I've since taken lots of friends, and it's always a hit. Because there is no sign for the restaurant that you can see while you eat, I started calling the place Rock 'n' Roll Tacos, after a sign advertising wine that hangs over the booze section of the store. It says, in small letters, "Washington Wine Is Soooo...." And then in huge letters: "Rock 'n' Roll."

It's a fitting nickname, because these tacos rock. First of all, the tortillas are made in-house. While you eat, you can watch as they prep the next batch: Scoops of masa get flattened, one by one, followed by 10 seconds on the grill. "We make sure that it's crispy. It should be crispy," Miguel Cruz, 33, said of the tortillas when I stopped in again the other day.

This time, I noticed a small "Carmelo's Tacos" sign above the register. When I asked if he was Carmelo, Cruz said, "Carmelo is my father." He said they get their masa delivered "early in the morning, and sometimes it's still warm, because they cooked the corn so recently. You can touch it, and it's like—wow, that's fresh."

Carmelo Gaspar, 60, worked for Cactus restaurants for 27 years as a prep cook. This is his first business. The whole family is helping. "The asada that we serve you guys is the same asada that we do at home."
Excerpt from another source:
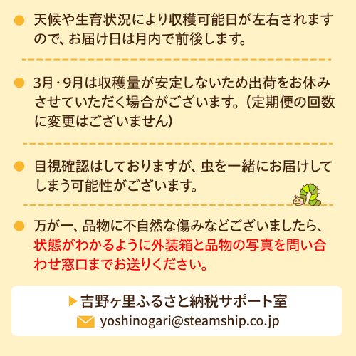 ※生育状況や天候により収穫日が左右されますので、毎月お届け日も前後いたしますので、あらかじめご了承ください。

Regarding the al pastor, Cruz said, "That recipe has about 15 different ingredients." The meat is marinated overnight in guajillo chilies, ancho chilies, chipotle chilies, cloves, and pineapple juice, and then it's served (like all tacos here) with a bright-orange salsa roja (tomatoes, guajillo chilies, chile de arbol, roasted garlic) and a salsa verde with avocado ("You don't get it every time, but when you get it, you get chunks of avocado"). Plus, of course, diced pineapple.

"That was my idea," Cruz said about dicing the pineapple. "When I go to Tacos Chukis"—right up the street—"you take one bite, and the whole thing comes out," referring to the one big slice of grilled pineapple Chukis gives you. "Or you have to take it with your fingers and break it up yourself. So why don't we just cut it up for you?"

Chukis doesn't make their own tortillas. Theirs are soft, uncrispy, and out of a bag.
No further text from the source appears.